= Robert Wright Jr. =

FBI agent

Robert G. Wright Jr. is an FBI agent who has criticized the FBI's counterterrorist activities in the 1990s, when he worked in the Chicago division on terrorists with links to the Middle East, especially on the issue of money laundering. Specifically, he worked on project Vulgar Betrayal, which allegedly implicated Yasin al-Qadi. He wrote a detailed book which the FBI prevented him from publishing with threats of criminal prosecution. He complained that "FBI management intentionally and repeatedly thwarted and obstructed my attempts to launch a more comprehensive investigation to identify and neutralize terrorists."

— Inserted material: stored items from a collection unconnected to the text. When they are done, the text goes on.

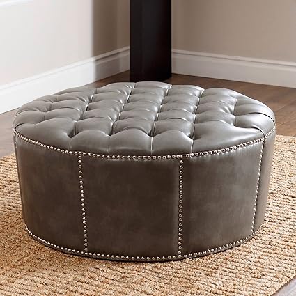 Amazon Com Abbyson Living Leather Ottoman Nailhead Trim Round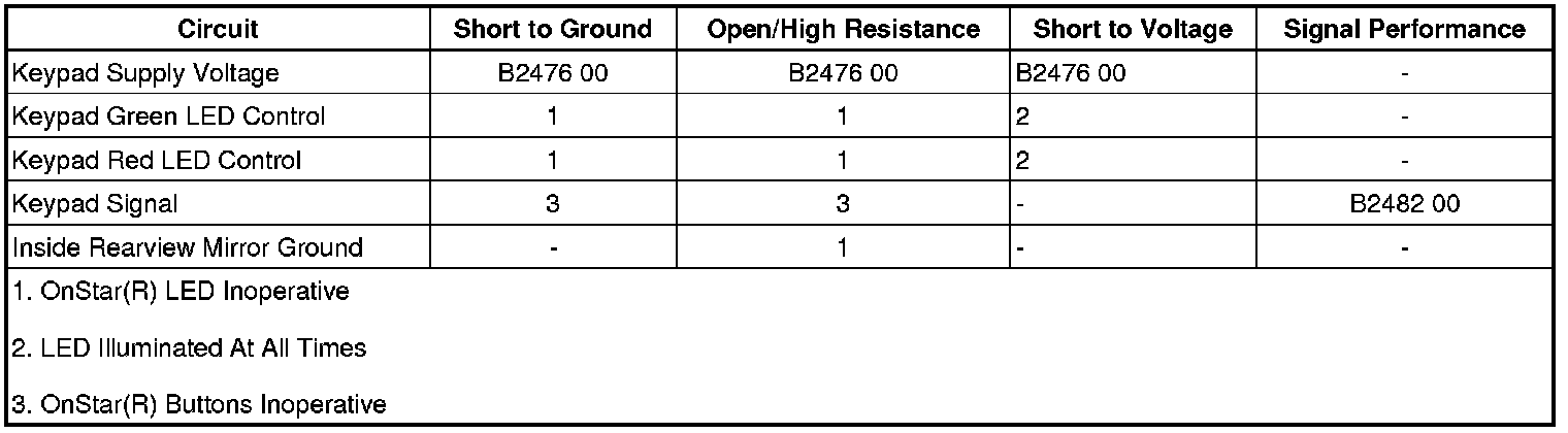 The OnStar(R) button assembly consists of 3 buttons, Call/Answer, OnStar(R) Call Center, and OnStar(R) Emergency. The telematics communication interface control module supplies the OnStar(R) button assembly with 10 V via the keypad supply voltage circuit. Each of the buttons, when pressed, completes the circuit across a resistor allowing a specific voltage to be returned to the telematics communication interface control module over the keypad signal circuit. Depending upon the voltage range returned, the telematics communication interface control module is able to identify which button has been activated.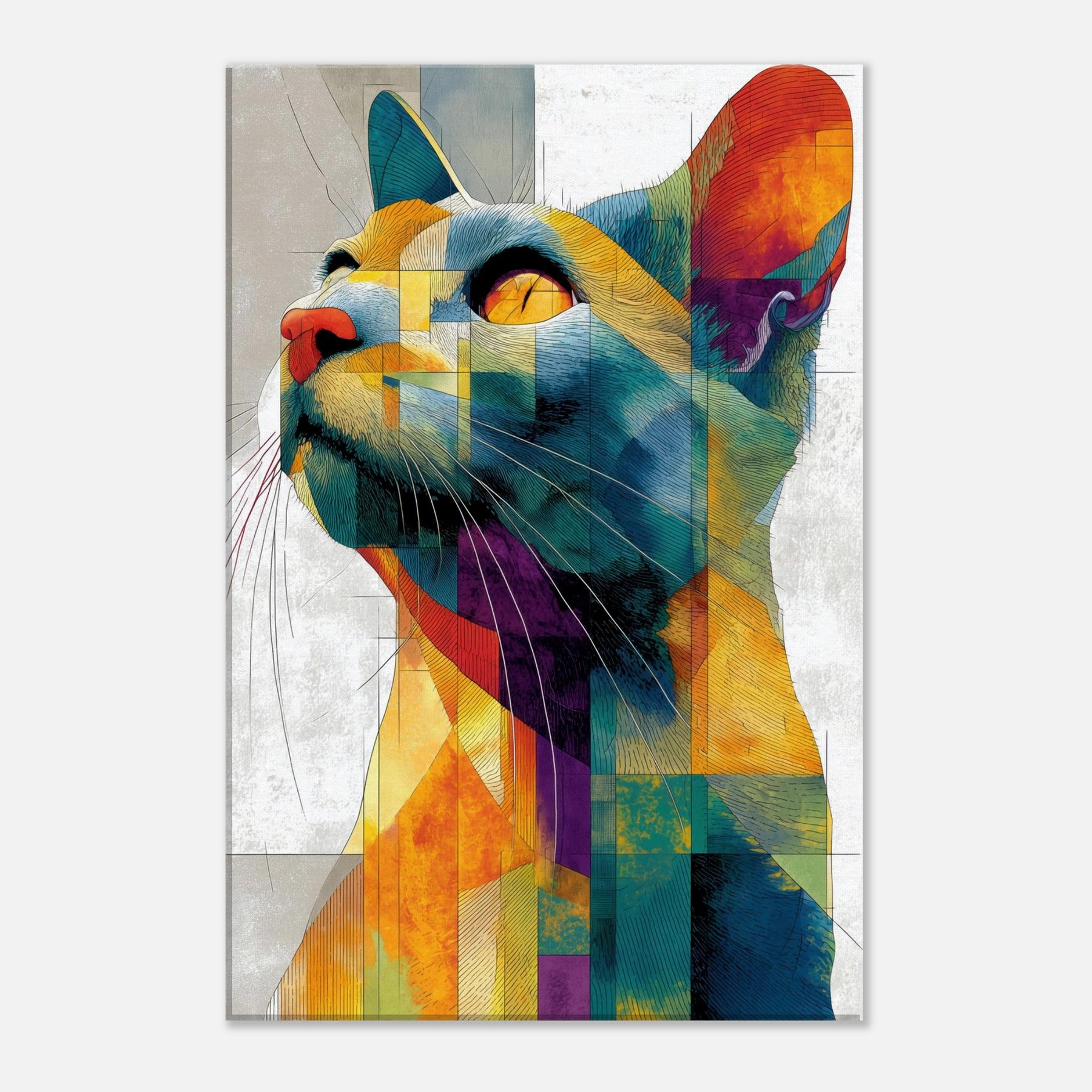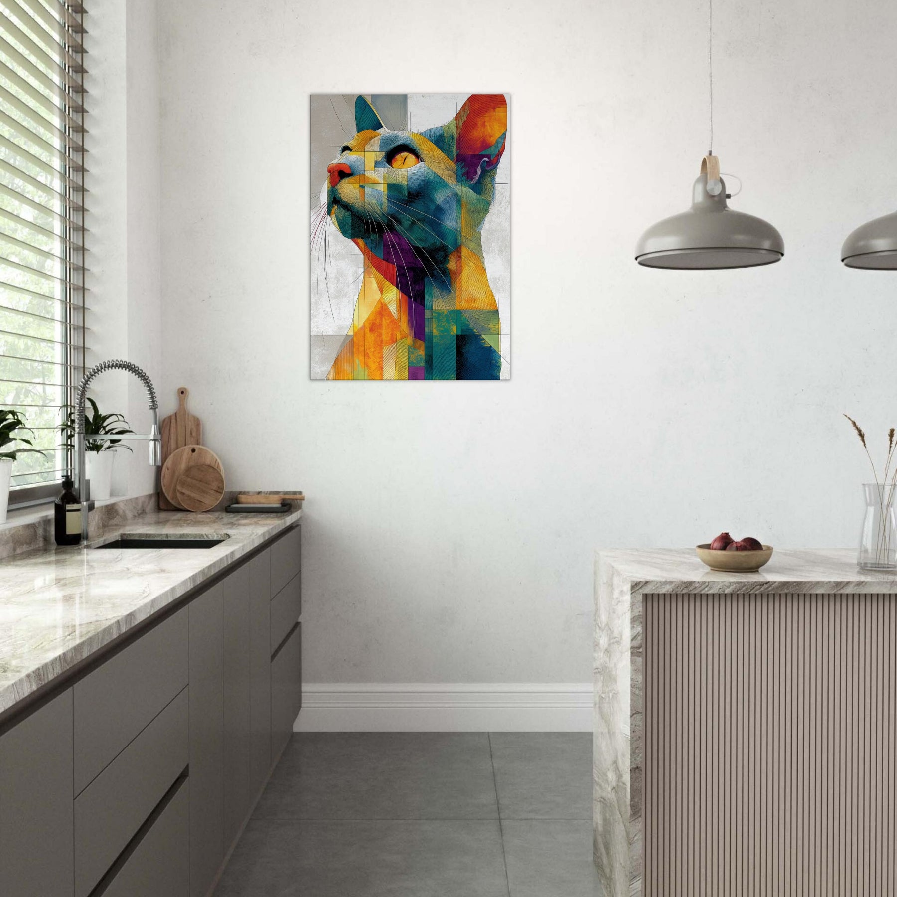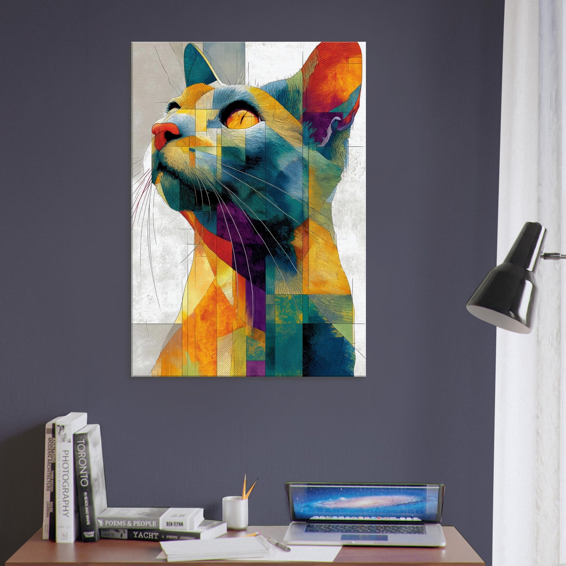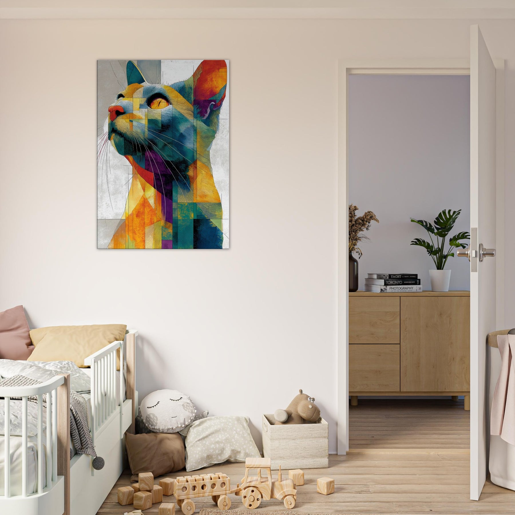An intoxicating study in color and form, this cat dissolves into a mosaic of light and shadow. Abstract panels swirl and align to reveal a feline presence, guiding the eye to linger and drift. The cat, our Primary Subject, glows with warm ambers, electric blues, and coral accents that shimmer across the wall like a quiet cheer. In a living space, it tempers minimalist furniture with painterly energy, lending a gallery worthy mood that feels intimate, timeless, and unexpectedly transformative.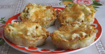 Сегодня в параллель с пиццей делала мужчинам на работу с собой порционный вариант пиццы, это больше похоже на корзиночки с начинкой (идею про картофельные корзиночки украла с той темки, которая появилась и пропала ;) ).
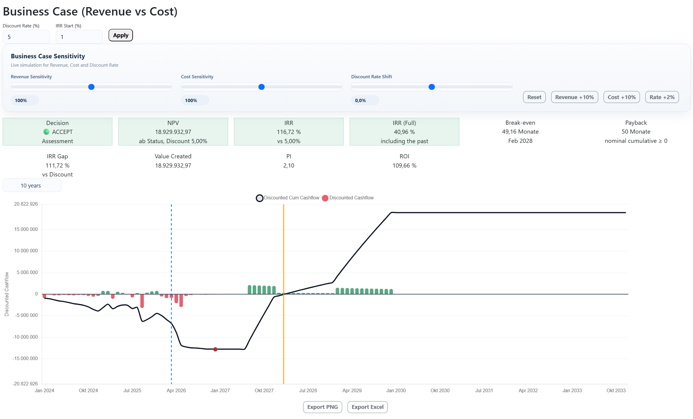 Dynamische Wirtschaftlichkeitsanalyse mit Berechnung von NPV, IRR und Break-Even auf Basis projektspezifischer Annahmen.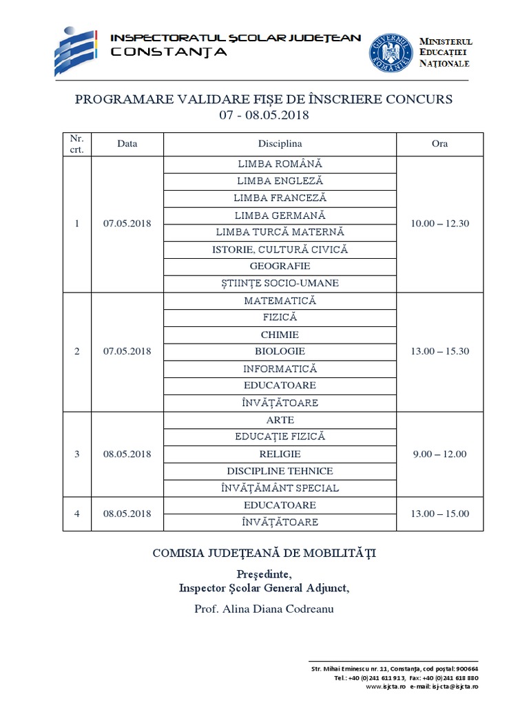 PROGRAMARE VALIDARE FIȘE DE ÎNSCRIERE CONCURS

Three months before the September 11 attacks, he wrote the following:

"Knowing what I know, I can confidently say that until the investigative responsibilities for terrorism are removed from the FBI, I will not feel safe. The FBI has proven for the past decade it cannot identify and prevent acts of terrorism against the United States and it's [sic] citizens at home and abroad. Even worse, there is virtually no effort on the part of the FBI's international terrorism unit to neutralize known and suspected terrorists residing within the United States."

After his revelations circa 2002–2003 he was demoted.

On May 6, 2009, Judge Gladys Kessler issued a ruling allowing Wright to publish his manuscript. Wright is focused on fighting the system of prepublication review and censorship of government employee writings.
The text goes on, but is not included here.